I diritti umani e i Dieci comandamenti

E allora, perché mai lo sfoggio pubblico di Kim rappresenta una tale offesa agli integralisti religiosi? Come dimostra la nostra società liberal-permissiva, i diritti umani sono in ultima analisi il diritto a violare i Dieci comandamenti. «Il diritto alla privacy» equivale al diritto all’adulterio, consumato in segreto. «Il diritto alla felicità individuale e al possesso di proprietà privata» è il diritto al furto (e allo sfruttamento del prossimo). «La libertà di stampa, opinione, espressione» incarna il diritto a mentire, calunniare e umiliare gli altri. «Il diritto dei liberi cittadini al possesso di armi» significa il diritto di uccidere. E infine, «la libertà di religione» significa il diritto ad adorare false divinità. Ovvio, i diritti umani non condonano esplicitamente la violazione dei Comandamenti, si limitano a tenere a disposizione una «zona grigia» marginale, che dovrebbe rimanere fuori dagli assalti del potere (religioso o secolare). In questa zona fumosa posso violare i comandamenti e se il potere si intromette ecco che posso legittimamente gridare: «Questo è un attacco ai miei diritti umani fondamentali!». Kim Kardashian appartiene a questa stessa zona grigia: con la sua volgarità viola tutti i comandamenti del buon gusto, ed è per questo che molti di noi la trovano irresistibile.

La fama costruita sul nulla

È fin troppo facile prendere in giro la povera Kim: è insulsa, la sua spontaneità è finta, non è mai lei stessa (ciò che è veramente), ma recita se stessa, proiettando un’immagine idealizzata. È facile puntare il dito sulla sua fama costruita sul nulla, dire che è famosa solo perché così appare, ma non sarà forse che lei incarna quello che tutte le «persone famose» hanno in comune nelle società consumistiche? Prendiamo quella che potrebbe apparire all’estremo opposto di Kim: Angelina Jolie, con i suoi impegni umanitari per salvare queste o quelle vittime in giro per il mondo. Mentre tutti si fanno beffe di Kim, la Jolie viene ricevuta dai capi di Stato e pare che l’anno prossimo terrà una serie di lezioni alla London School of Economics. Per me, Jolie solleva qualche dubbio. Mentre sia Kim che Jolie sono protagoniste attive del culto della celebrità, Jolie aspira al meglio di entrambi i mondi. Da un lato sfrutta il culto della celebrità e dall’altro si sforza di smorzare questo aspetto proponendosi come agente di cause «alte». La vera oscenità non è l’esibizionismo spudorato di Kim, ma la Jolie che ama presentarsi come personaggio etico-politico genuino.

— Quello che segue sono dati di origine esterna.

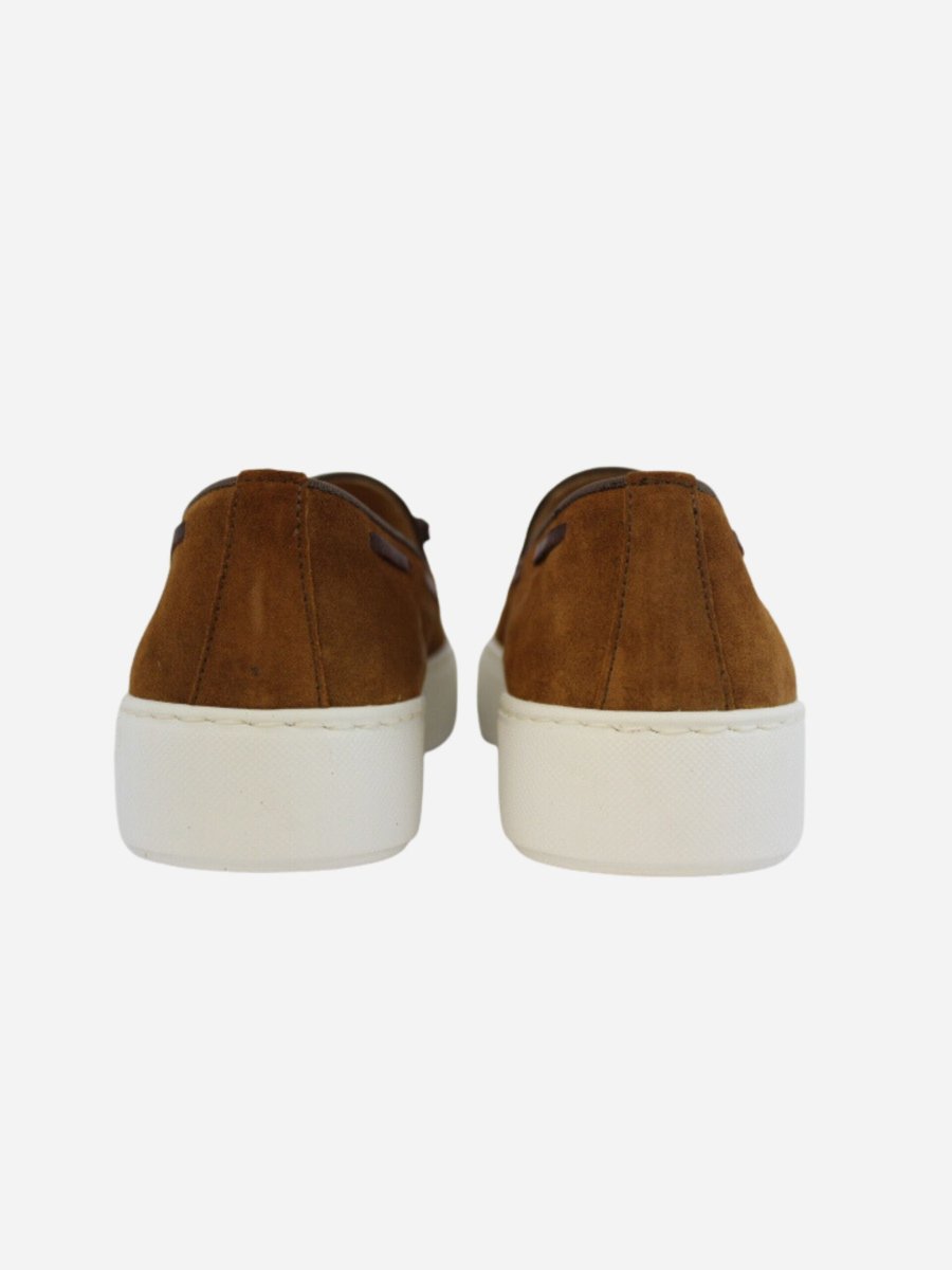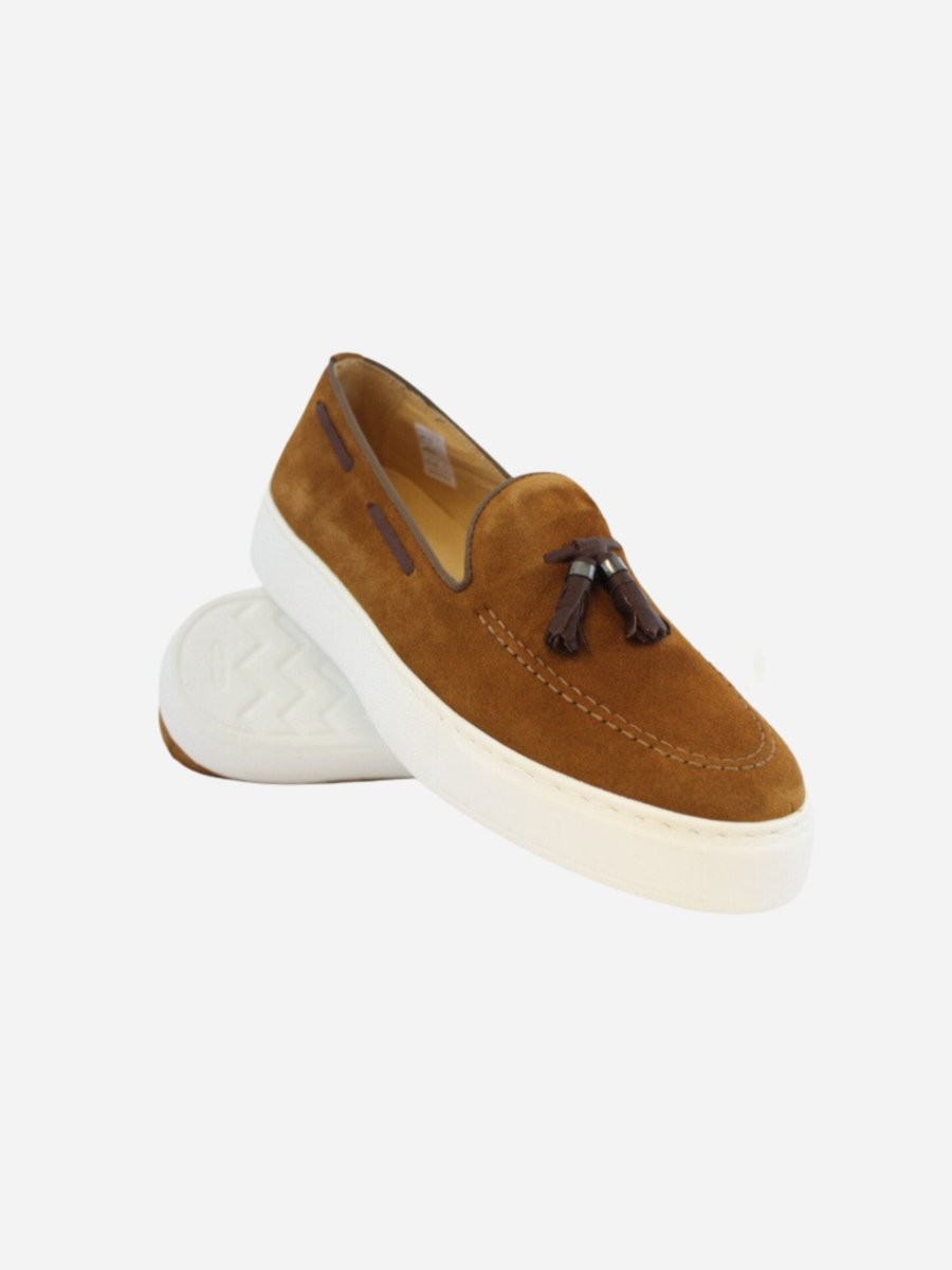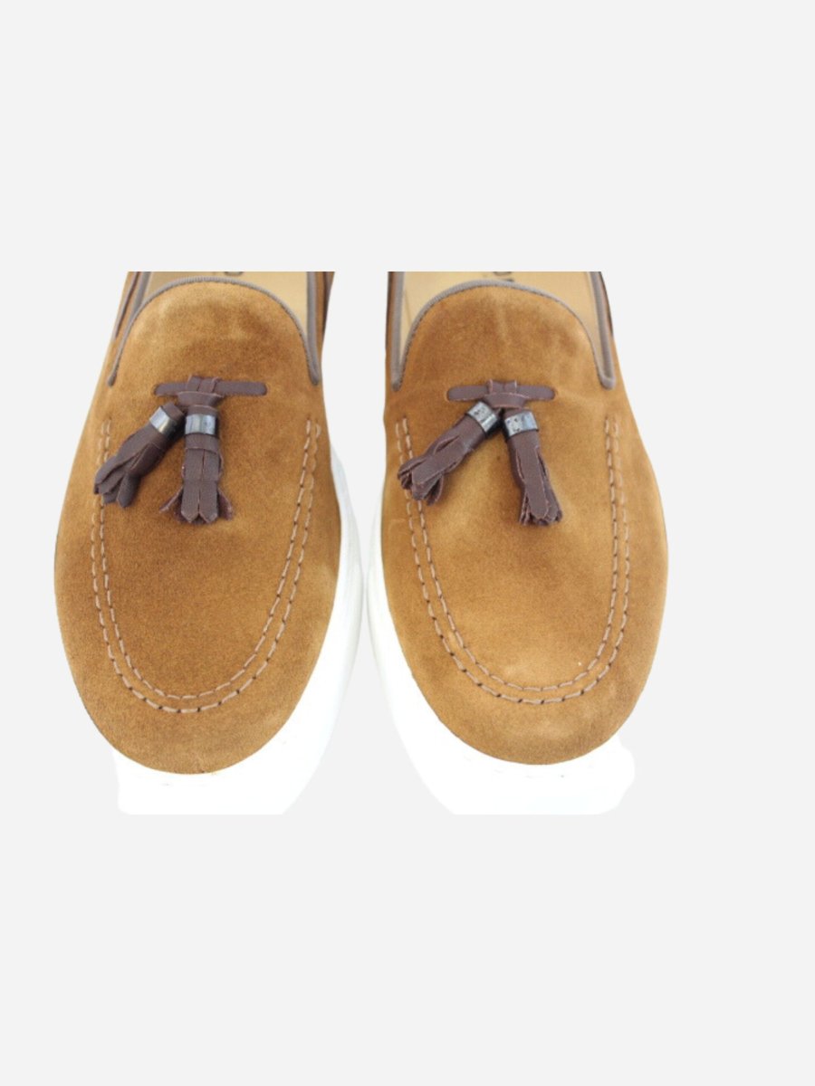 Mocassino in pelle scamosciata nella variante camel. Nappina applicata sulla linguetta e dettaglio cordino laterale. Suola in gomma di 4 cm.

Il consumatore consapevole

Farsi beffe di Kim ci fa dimenticare che la stupidità da noi proiettata in lei altro non è che la sostanza da noi tutti condivisa. Ricordiamo la battuta di Brecht, dall’Opera da tre soldi: «Cosa sarà mai una rapina in banca, in confronto alla fondazione di una nuova banca?». Cosa sarà mai l’oscenità di Kim in confronto all’oscenità che pervade tutte le celebrità che si prestano a sostenere cause umanitarie? E se disprezzare Kim facesse parte integrante della sua celebrità? E se il consumatore ideale dei suoi show e dei suoi social non fosse un ingenuo adoratore, ma un consumatore consapevole che, pur sapendo quanto sia volgare, continua a seguire le sue vicende e a godersi il senso di superiorità che tale conoscenza gli garantisce?